While regulators and the government work to iron out issues relating to newly built homes and the companies that construct them, maintaining faith in this part of the sector is imperative as it will be the main driver for the delivery of much-needed housing. 

So this week, Mortgage Solutions is asking: Why should buyers continue to trust developers and new-build properties in light of recent challenges? 

 

Mobeen Akram, new homes account director at Mortgage Advice Bureau 

Recent high-profile news including the tragedy at Grenfell and leasehold mis-selling, has raised questions from the government as to if some developers’ prioritise profit before quality and customer service.   

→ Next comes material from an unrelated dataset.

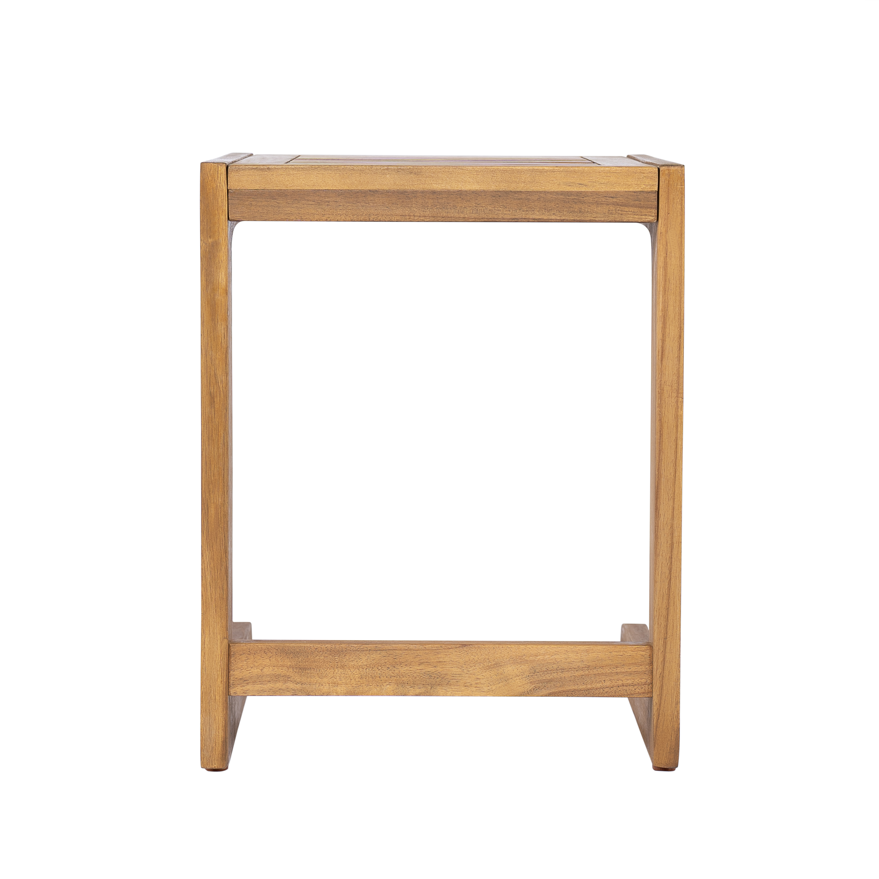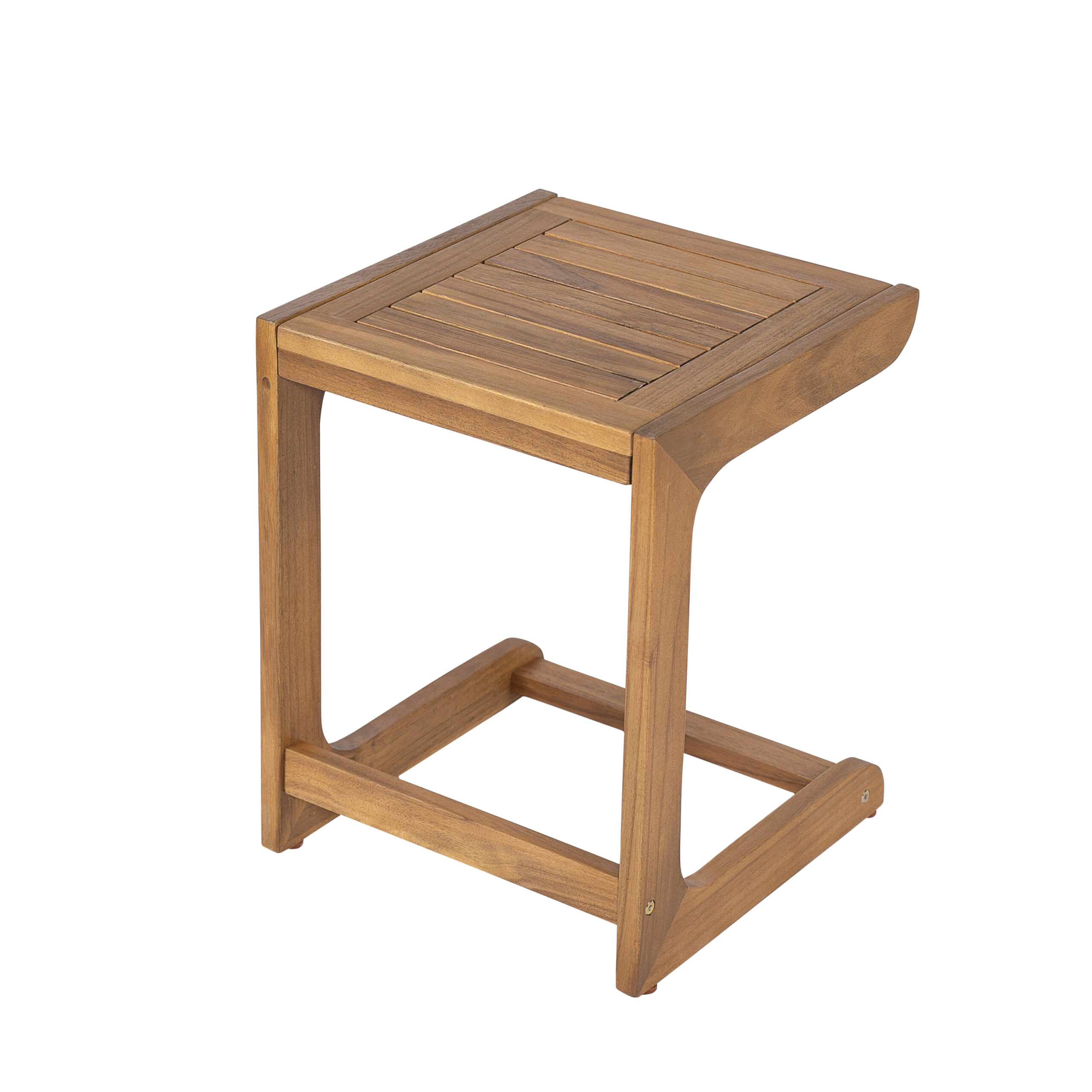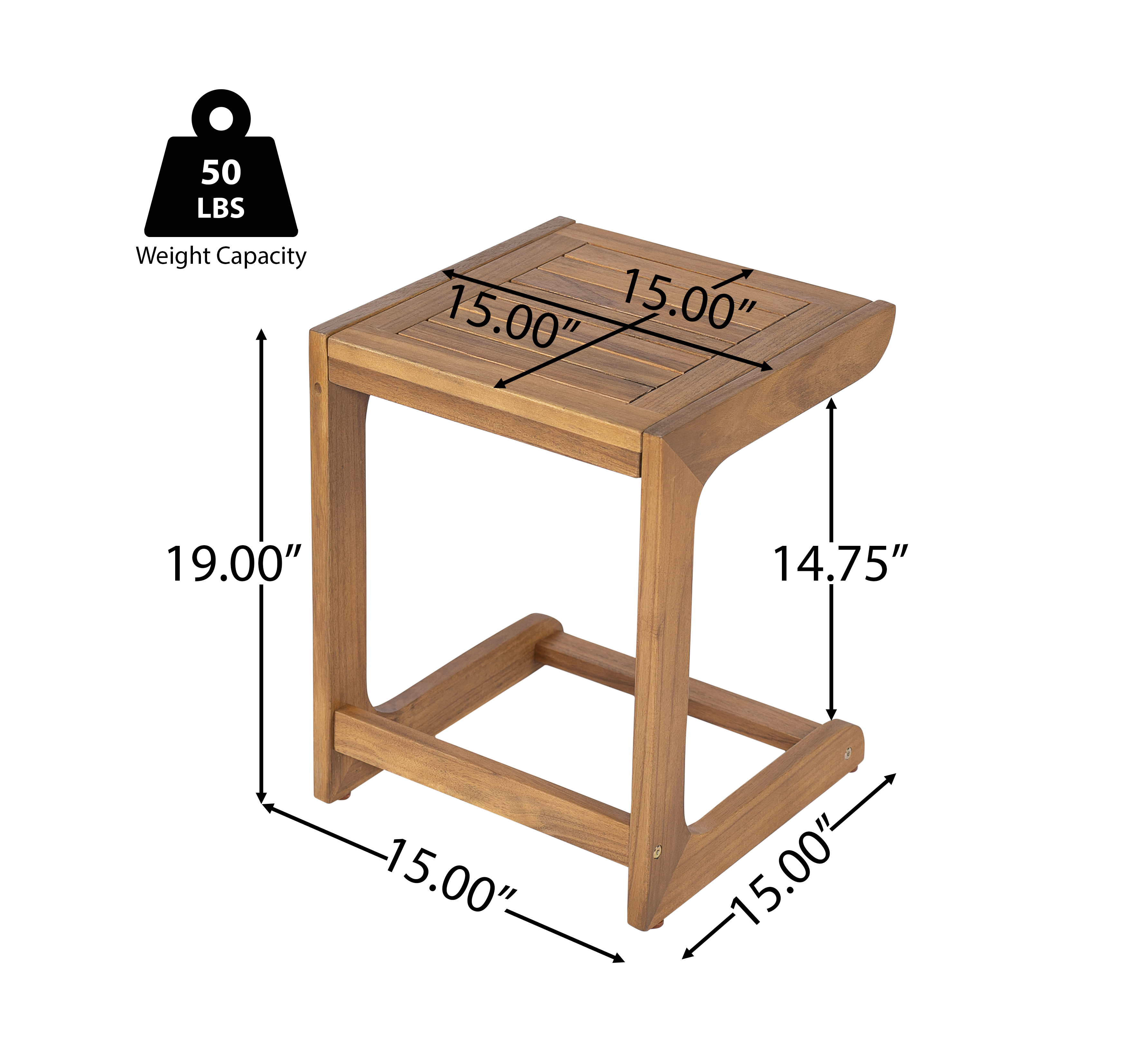 SpecificationProduct Information Product Type :Single Box ProductProduct Name:Ashwell Acacia Wood Side TablePlace of Origin:Viet NamMain Color:TeakMain Material:Acacia WoodProduct DimensionsAssembled Length (in.):15.00Assembled Width (in.):15.00Assembled Height (in.):19.25Product Weight (lbs.):8.38Package SizeLength (in.):20.25Width (in.):20.00Height (in.):4.50Weight (lbs.):11.02Product FeaturesThis Acacia C-shaped side table combines unique design with versatile functionality, making it a standout piece for any living space. Crafted from high-quality acacia wood, a natural material renowned for its durability and beautiful grain patterns that enhance over time, it brings a warm, natural aesthetic to interiors.The table’s minimalist C-shaped design merges elegance with practicality, serving equally well as a sofa-side table, a temporary workspaceThoughtful design details include smoothly rounded edges,allowing effortless mobility across different rooms to adapt to various needs.Acacia wood construction, durable and aesthetically pleasing, C-shaped design, minimalist and versatile.Included: One (1) TableAssembly Required

The All-Party Parliamentary Group for Excellence in the Built Environment (APPG EBE) has published two reports on quality and redress, both recommend the creation of a New Homes Ombudsman. 

In January 2021, the independent New Homes Quality Board (NHQB) was established with the objective of delivering a New Homes Ombudsman and a unified code of practice to replace the plethora of current codes in the market. 

The NHQB will shift the balance of power in favour of the buyer while improving standards of finish in new homes. The organisation is now poised to launch the new code and begin registering builders for the ombudsman service. 

The Building Safety Bill will give government powers to put the ombudsman and code on a statutory footing. 

Government has already intervened to create legislation to address the ground rent issue. A few years ago, some housebuilders unnecessarily created leasehold tenures which caused affordability concerns. The Leasehold Reform (Ground Rent) Bill was introduced which capped ground rents – protecting leaseholders from steep costs. The CMA has successfully worked with builders to address retrospective issues. 

Cladding is more complicated.  

The challenge is identifying where the blame lies and where redress should come from. While  Gove has recently come out to state developers must bear the responsibility and cost of repairs, we are yet to see legislative or fiscal change to support these statements.  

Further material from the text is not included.